Work to complete - Each entry below must be repeated exactly. Leave the pictures out of it.
■ ■ ■ ■ ■ ■ ■
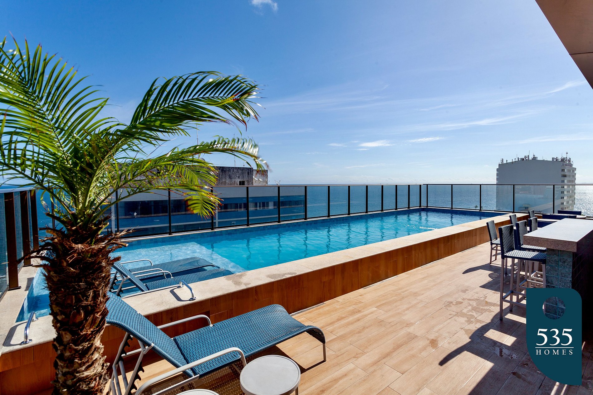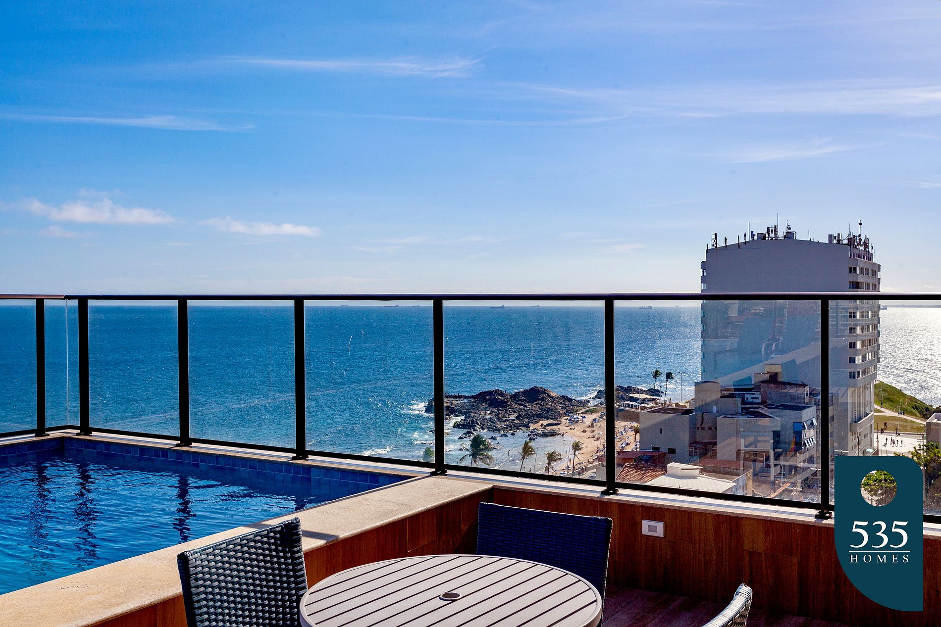 Enjoy the side view of the sea from our balcony and be just a few steps away from Farol da Barra beach.
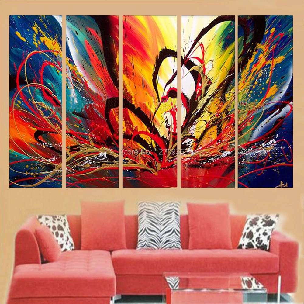 Special Offer Groothandel Hoge Kwaliteit 5 Stuks Abstracte Groep Schilderijen Voor Wanddecoratie Heldere Kleur Moderne Olie Foto Voor Woonkamer Discount 55% Today!
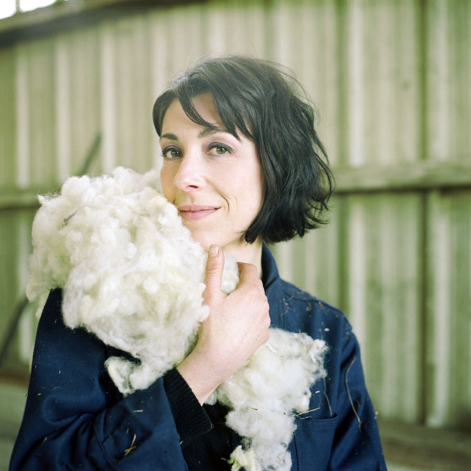 Stephanie Maube, ancienne graphiste a Levallois-Perret, Stéphanie est devenue eleveuse d'agneaux et de mouton. Ici elle pose avec sa laine de mouton sur l'epaule, dans sa bergerie a Saint-Germain-sur-Ay (Manche) en fevrier 2019.
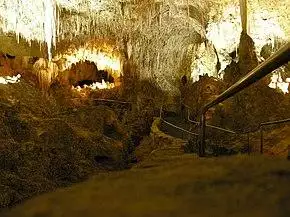 The park contains over 119 caves.[26] Three caves are open to public tours. Carlsbad Caverns is the most famous and is fully developed with electric lights, paved trails, and elevators. Slaughter Canyon Cave[27] and Spider Cave[28] are undeveloped, except for designated paths for the guided "adventure" caving tours.
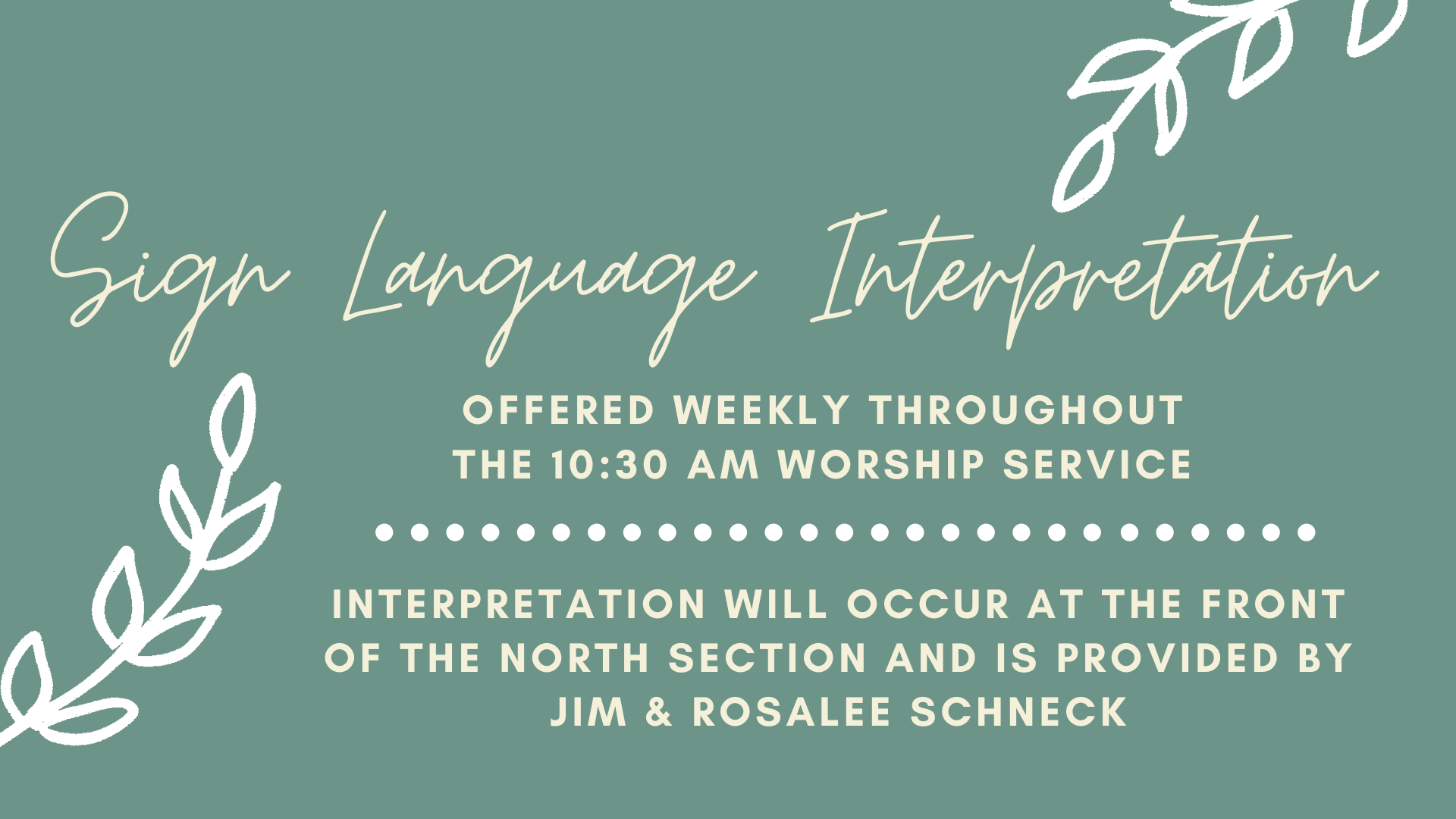 We're excited that you’re here! We pray you will discover a warm group of real people dedicated to following our Lord and Savior, Jesus Christ. Join us on Sundays for worship, fellowship and Biblical message. We have Sunday School for age two through adults as well as nursery care for infants and toddlers during the worship services. Each week, the 10:30 am service will provide sign language interpretation for the Deaf, both in-person and via Livestream.
■ ■ ■ ■ ■ ■ ■
Solution for this task -
 Enjoy the side view of the sea from our balcony and be just a few steps away from Farol da Barra beach.
 Special Offer Groothandel Hoge Kwaliteit 5 Stuks Abstracte Groep Schilderijen Voor Wanddecoratie Heldere Kleur Moderne Olie Foto Voor Woonkamer Discount 55% Today!
 Stephanie Maube, ancienne graphiste a Levallois-Perret, Stéphanie est devenue eleveuse d'agneaux et de mouton. Ici elle pose avec sa laine de mouton sur l'epaule, dans sa bergerie a Saint-Germain-sur-Ay (Manche) en fevrier 2019.
 The park contains over 119 caves.[26] Three caves are open to public tours. Carlsbad Caverns is the most famous and is fully developed with electric lights, paved trails, and elevators. Slaughter Canyon Cave[27] and Spider Cave[28] are undeveloped, except for designated paths for the guided "adventure" caving tours.
 We're excited that you’re here! We pray you will discover a warm group of real people dedicated to following our Lord and Savior, Jesus Christ. Join us on Sundays for worship, fellowship and Biblical message. We have Sunday School for age two through adults as well as nursery care for infants and toddlers during the worship services. Each week, the 10:30 am service will provide sign language interpretation for the Deaf, both in-person and via Livestream.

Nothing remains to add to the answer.